> [Exercise description]:
Needed from the data below: every line from the one with "When two manual" up to and including the one with "En udbredt opfattelse", repeated exactly and with nothing else.

> [Available data]:
★ ★ ★ ★ ★ ★ ★

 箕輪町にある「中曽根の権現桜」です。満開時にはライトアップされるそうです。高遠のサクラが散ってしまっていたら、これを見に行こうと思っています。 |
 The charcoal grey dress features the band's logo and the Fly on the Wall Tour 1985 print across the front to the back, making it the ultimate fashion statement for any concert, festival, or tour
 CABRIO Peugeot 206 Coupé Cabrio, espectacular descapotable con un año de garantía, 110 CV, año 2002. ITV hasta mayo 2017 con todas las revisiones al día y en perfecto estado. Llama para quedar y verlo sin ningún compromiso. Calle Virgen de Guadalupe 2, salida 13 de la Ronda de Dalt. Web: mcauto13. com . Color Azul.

★ ★ ★ ★ ★ ★ ★

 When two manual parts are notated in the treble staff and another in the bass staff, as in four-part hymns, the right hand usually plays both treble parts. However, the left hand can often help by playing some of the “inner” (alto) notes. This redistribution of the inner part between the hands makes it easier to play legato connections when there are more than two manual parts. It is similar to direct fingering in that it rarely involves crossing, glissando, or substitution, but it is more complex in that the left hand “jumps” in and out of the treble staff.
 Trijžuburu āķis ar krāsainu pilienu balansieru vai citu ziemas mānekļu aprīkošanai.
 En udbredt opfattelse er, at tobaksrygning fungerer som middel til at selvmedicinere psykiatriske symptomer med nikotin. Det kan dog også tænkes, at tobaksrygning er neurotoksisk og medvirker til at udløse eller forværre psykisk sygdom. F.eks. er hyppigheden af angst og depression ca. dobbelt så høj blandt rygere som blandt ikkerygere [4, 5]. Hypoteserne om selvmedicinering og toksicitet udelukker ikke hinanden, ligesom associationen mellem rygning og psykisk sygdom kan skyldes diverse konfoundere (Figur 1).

★ ★ ★ ★ ★ ★ ★

> [Answer section]:
 When two manual parts are notated in the treble staff and another in the bass staff, as in four-part hymns, the right hand usually plays both treble parts. However, the left hand can often help by playing some of the “inner” (alto) notes. This redistribution of the inner part between the hands makes it easier to play legato connections when there are more than two manual parts. It is similar to direct fingering in that it rarely involves crossing, glissando, or substitution, but it is more complex in that the left hand “jumps” in and out of the treble staff.
 Trijžuburu āķis ar krāsainu pilienu balansieru vai citu ziemas mānekļu aprīkošanai.
 En udbredt opfattelse er, at tobaksrygning fungerer som middel til at selvmedicinere psykiatriske symptomer med nikotin. Det kan dog også tænkes, at tobaksrygning er neurotoksisk og medvirker til at udløse eller forværre psykisk sygdom. F.eks. er hyppigheden af angst og depression ca. dobbelt så høj blandt rygere som blandt ikkerygere [4, 5]. Hypoteserne om selvmedicinering og toksicitet udelukker ikke hinanden, ligesom associationen mellem rygning og psykisk sygdom kan skyldes diverse konfoundere (Figur 1).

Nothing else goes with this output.